### WHAT IS REQUIRED:
Leave every picture out and return the rest of the listing verbatim.

GIVEN INFORMATION START

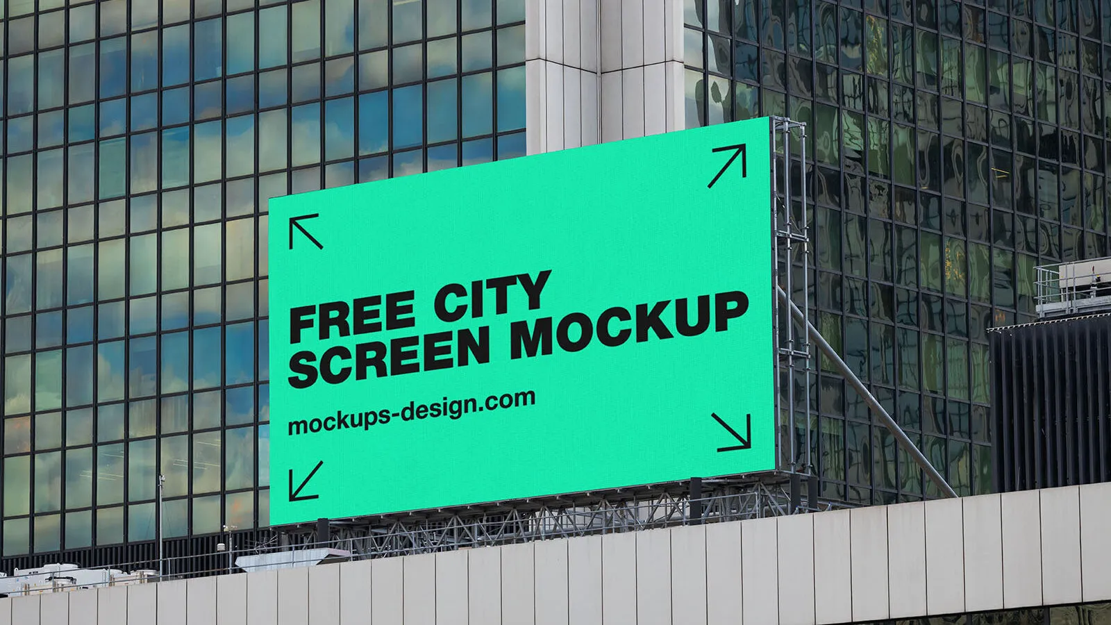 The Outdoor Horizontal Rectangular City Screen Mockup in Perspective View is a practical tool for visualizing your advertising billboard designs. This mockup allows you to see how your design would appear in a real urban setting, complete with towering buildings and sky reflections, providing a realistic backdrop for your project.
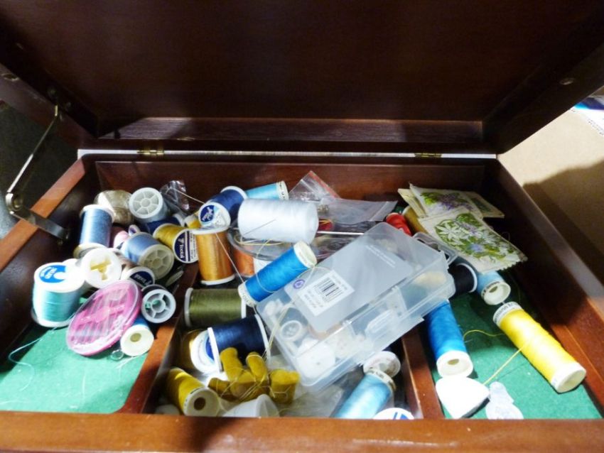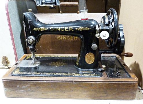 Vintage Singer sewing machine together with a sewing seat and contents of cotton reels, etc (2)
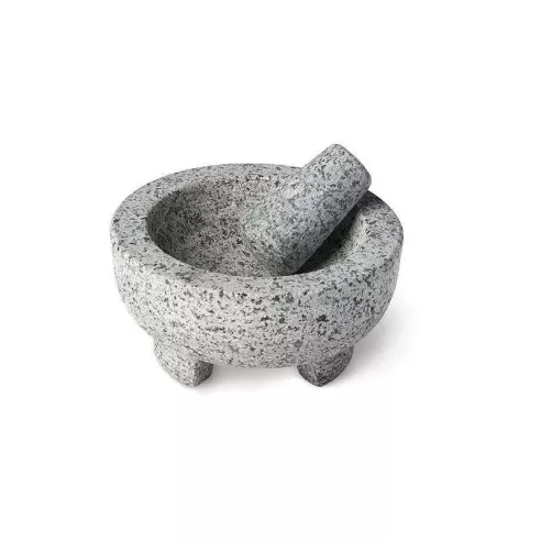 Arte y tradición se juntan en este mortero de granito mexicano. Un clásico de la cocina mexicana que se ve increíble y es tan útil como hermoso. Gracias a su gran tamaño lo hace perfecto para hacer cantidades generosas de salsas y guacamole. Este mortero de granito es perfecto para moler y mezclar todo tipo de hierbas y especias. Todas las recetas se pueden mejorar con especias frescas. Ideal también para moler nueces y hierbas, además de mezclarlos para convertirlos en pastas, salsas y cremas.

GIVEN INFORMATION END

### YOUR RESPONSE:
 The Outdoor Horizontal Rectangular City Screen Mockup in Perspective View is a practical tool for visualizing your advertising billboard designs. This mockup allows you to see how your design would appear in a real urban setting, complete with towering buildings and sky reflections, providing a realistic backdrop for your project.
 Vintage Singer sewing machine together with a sewing seat and contents of cotton reels, etc (2)
 Arte y tradición se juntan en este mortero de granito mexicano. Un clásico de la cocina mexicana que se ve increíble y es tan útil como hermoso. Gracias a su gran tamaño lo hace perfecto para hacer cantidades generosas de salsas y guacamole. Este mortero de granito es perfecto para moler y mezclar todo tipo de hierbas y especias. Todas las recetas se pueden mejorar con especias frescas. Ideal también para moler nueces y hierbas, además de mezclarlos para convertirlos en pastas, salsas y cremas.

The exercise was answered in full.